What about that “access” problem? California “has one-third of the nation’s abortion providers and its abortion rate is 27 percent, far higher than the national average,” wrote Margaret A. Bengs in an op-ed for the Daily News. Moreover, “The bill’s advocates claim that because some counties don’t have an abortion provider, women must drive ‘long distances’ to get abortions, but only 1 percent of women live in those counties, according to the Guttmacher Institute.”
What is the justification for allowing these non-physicians to perform “aspiration abortions?” It’s a state pilot program created in 2007 (and recently extended to next January). Under it, 8,000 aspiration abortions have been provided by non-doctors.
NRL News Today has written about the program on multiple occasions and in one analysis by Dr. Randall K. O’Bannon, critiqued a study appearing in the “American Journal of Public Health” which claimed that first trimester surgical or suction aspiration abortions can be done just as safely by nurse practitioners, certified nurse midwives, and physician assistants as they can be by doctors.

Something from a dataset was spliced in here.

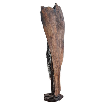 bois de grève transpercé par des clous. La base noire donne à la pièce une impression de

Suffice it to say that is not true. To name just one reason it is not as safe, as a group, the number of complications for the [non-physicians] were almost exactly twice (100) what they were for the abortionists (52).
One final thought that brings this discussion home in a powerful way—and from a pro-abortion source–but it is important enough to merit being the topic of a separate post. (See “A Tone-deaf and Tin-Eared ‘abortion access activist.’”)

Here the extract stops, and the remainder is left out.